Pemahaman menurut cara yang terakhir ini disebut zhahir.
Contoh lain dalam surat An-Nisa: 3
فانكحوا ماطاب لكم من
النّسآء مثنى وثلاث ورباع .
Artinya:
“maka kwinilah wanita-wanita ( lain ) yang kamu senangi; dua, tiga dan
empat.” [7]
Ayat
tersebut adalah nash mengenai pembatasan jumlah isteri yang terbanyak yaitu
empat orang isteri, karena itu adalah makna yang segera dipahami dari lafadznya
dan dimaksudkan secara asli dari susunan kalimatnya.
Nash
itu dalam penunjukannya terhadap hukum adalah lebih kuat dibandingkan dengan
zhahir, karena penunjukan nash lebih terang dari segi maknanya. Nash itulah
yang dituju menurut ungkapan asal. Sedangkan zhahir bukanlah tujuan langsung
dari pihak yang mengungkapkannya. Oleh karena itu, makna yang dituju secara
langsung itu lebih mudah untuk dipahami dibandingkan dengan makna lainnya yang
tidak langsung. Atas dasar itu, apabila terdapat pertentangan makna antara nash
dengan zhahir dalam penunjukannya , maka didahulukan yang nash, sehubungan
dengan ini bila terdapat pertentangan antara arti umum dan arti khusus, maka
yang harus didahulukan pengalamannya adalah yang berdasarkan arti khusus karena
arti kh usus inilah yang dimaksud menurut asal mulanya sedangkan arti umum
meskipun memang dimaksud pula tetapi didalam kerangka pengalaman seluruh satuan
arti (afrad)-nya. Contohnya firman Allah SWT dalam surat An-Nisa: 24 :
)dihalalkan untukmu selain yang disebutkan bagimu) وأحلّ لكم ماوراءذلكم
Ayat diatas disebutkan setelah menyebutkan
perempuan-perempuan yang tidak boleh dikawini oleh laki-laki. Hal ini berarti
tidak haramnya semua perempuan yang tidak tersebut dalam zhahir ayat tersebut,
termasuk kaein yang kelima. Namu zhahir ayat tersebut bertentangan dengan nash
ayat 3 surat An-Nisa yang secara tegas membatasi perkawinan itu sampai empat
orang. Dengan demikian perkawinan kelima sebagaimana yang dapat dilakukan
berdasarkan zhahir ayat sebelumnya menjadi batal menurut nash ayat ini.
c. Mufassar ( المفسّر )
Al-Uddah merumuskan mufassar sebagai
berikut:
ما يعرف معناه من لفظه ولايفتقر إلى قرينة
تفسيره
Artinya: “sesuatu lafadz yang dapat
diketahui maknanya dari lafadznya sendiri tanpa memmerlukan qarinah yang
menafsirkannya.” [8]
Sedangkan menurut ulama ushul fiqh,
mufassar yaitu sesuatu yang menunjukan dengan sendirinya atas maknanya yang
terperinci dengan suatu perincian yang tidak lagi tersisa kemungkinan takwil.

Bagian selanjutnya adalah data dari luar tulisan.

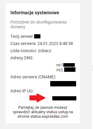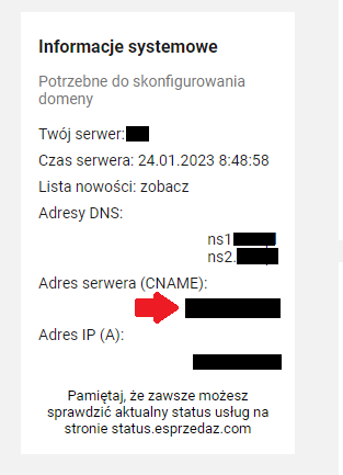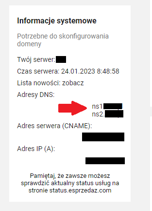 3. Ustaw adresy DNS podane na głównej stronie panelu Twojego sklepu. Jeśli sklep działa na testowej domenie — adresy DNS będą widoczne w panelu. W przeciwnym razie skontaktuj się z nami.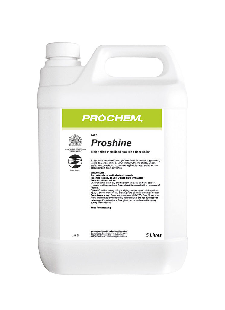 A high solids metallised 'dry-bright' floor finish formulated to give a long lasting deep gloss shine on vinyl, linoleum, thermo-plastic, rubber, sealed wood, cork, concrete, asphalt, terrazzo and other non-porous smooth floors coverings. industrial use only. Proshine is ready-to-use. Do not dilute with water. Do not shake container. Ensure floor is clean, dry and free from all residues. Semi-porous, concrete and impoverished floors should be sealed with a base coat of Proseal. Spread Proshine evenly using a slightly damp mop or polish applicator. Apply 2 or 3 very thin coats, allowing 30 to 60 minutes between coats. Do not over apply. Coverage is approximately 250 m² per 5L per coat. Allow final coat to dry completely before re-use. Do not buff floor at this stage. Periodically the floor gloss can be maintained by spray buffing with Protreat.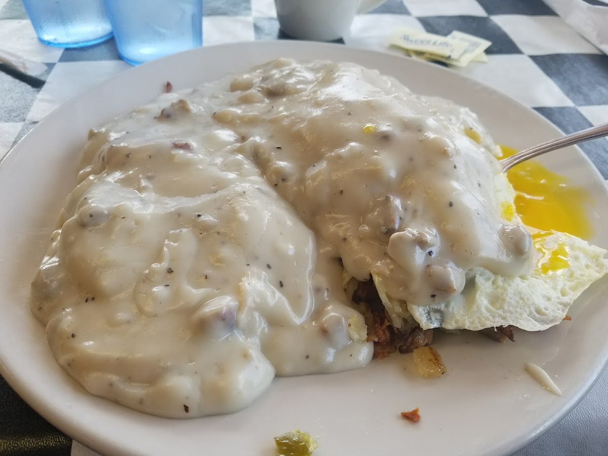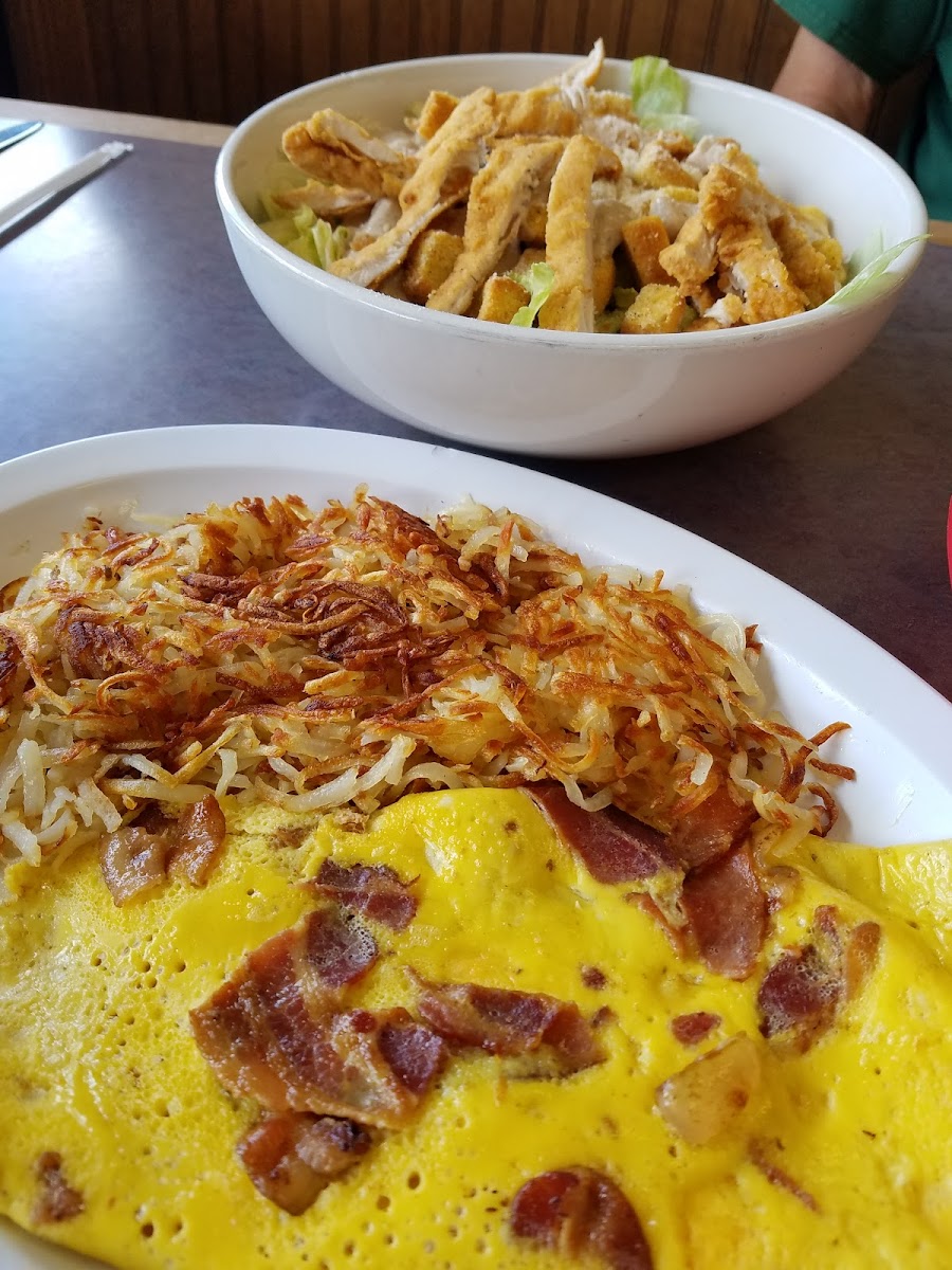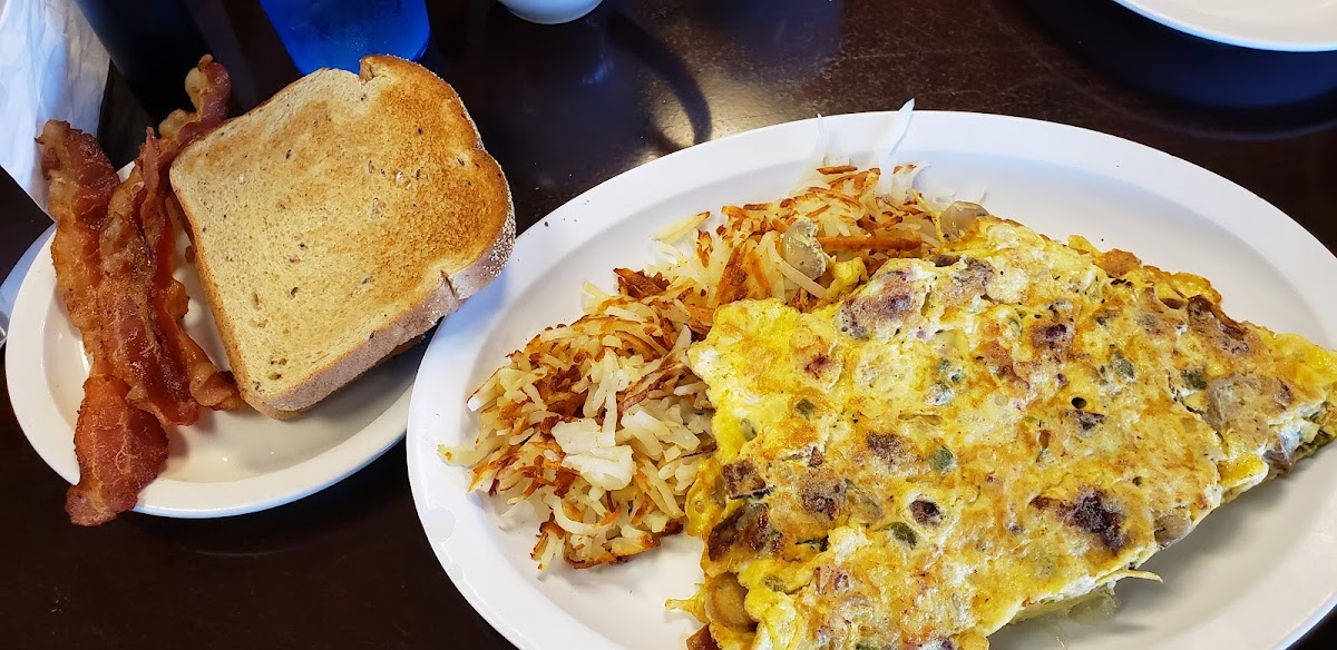 Everything the wonderful people the great kitchen I sat at the countertop so I got to watch the action the bar top of the food. Everything was perfect. Just the eggs just the way all of us liked it in our group omelette was stuffed full hashbrowns with crispy brown the pancake was wonderful like a cake everything you just can’t give a five stars to a place like this if you’re anywhere in the area it’s a good eat for breakfast.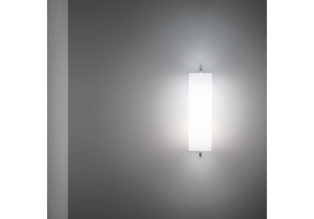 Phi diseñada por Filippo Taidelli para Firmamento Milano es una lámpara de pared de luz difusa realizada con un difusor de vidrio soplado opalino grabado al ácido y una estructura de aluminio níquel satinado.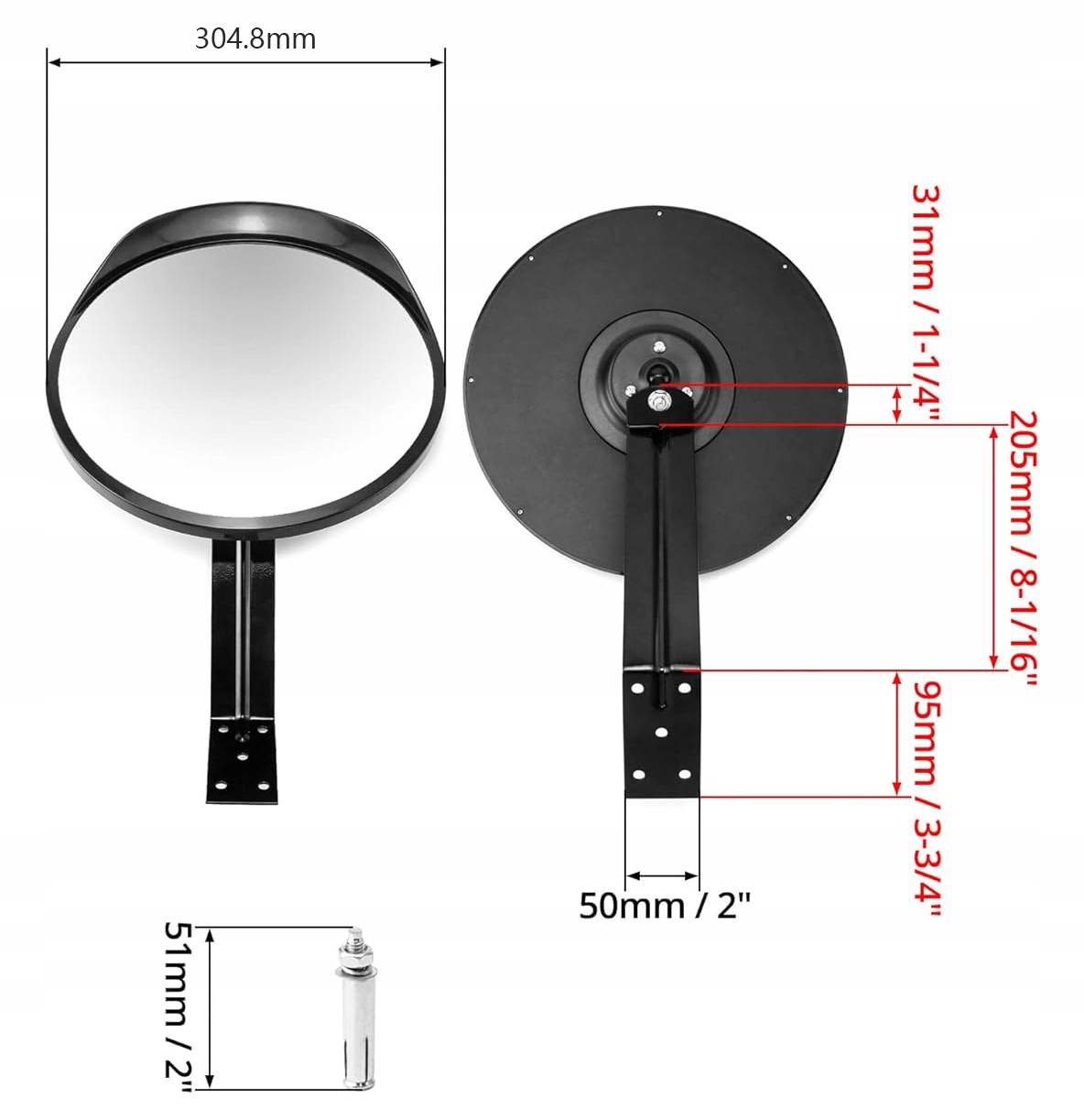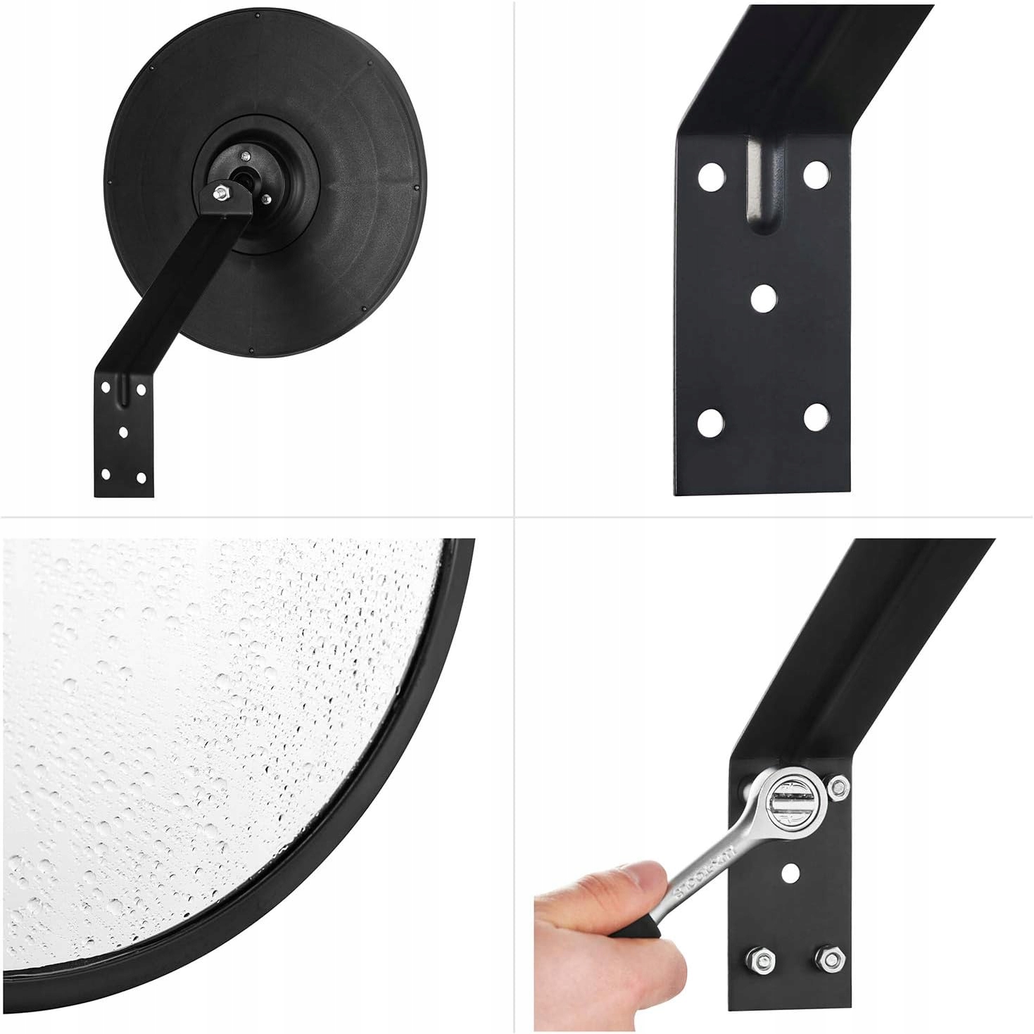 Вращение с твердой металлической ручкой для монтажа на стене: заднее Часть дорожного зеркала оснащена вращающимся шаровым соединением, который помогает установить зеркало под желаемым углом. Оснащен твердым Это дорожное зеркало может выжить в металлической настенной держателе. шторм без ослабления и не теряя установленного угла обзора, несмотря на самый сильный ветер.

Diantaranya ialah bahwasanya shighatnya menunjukan dengan sendirinya dengan
suatu dalalah yang jelas terhadap makna yang terperincidan didalamnya terdapat
sesuatu yang meniadakan pemungkinan maksud selain maknanya, sebagaimana firman
Allah SWT yang berkenaan dengan orang-orang yang menuduh zina terhadap wanita-wanita
terhormat.
فاجلدوهم
ثمانين جلدة
Artinya: “ maka deralah mereka delapan
puluh kali deraan.” (QS. An-Nur:4)
Jumlah tertentu tidak mengandung kemungkinan
lebih maupun kurang.
وقاتلواالمشركين كافّة
Artinya:
“dan perangilah kaum musyrikin itu semua.” (QS. At-Taubah: 36)
Kata
kaffah (semuanya) meniadakan kemungkinan pentakhshiskan.[9]
Mufassar
ada dua macam, yaitu:
1. Menurut asalnya, lafadz itu sudah jelas dan
terinci sehingga tidak perlu penjelasan lebih lanjut. Contohnya surat An-Nur:4
yang diatas bahwa bilangan dalam ayat ini jelas dan terurai yaitu delapan puluh
kali dera. Tidak ada kemungkinan untuk dipahami dengan lebih atau kurang dari
bilangan itu.
2. Asalnya lafadz itu belum jelas (ijmal) dan
memberikan kemungkinan beberapa pemahaman artinya. Kemudian datang dalil lain
yang menjelaskan artinya sehingga ia menjadi jelas. (mubayyan)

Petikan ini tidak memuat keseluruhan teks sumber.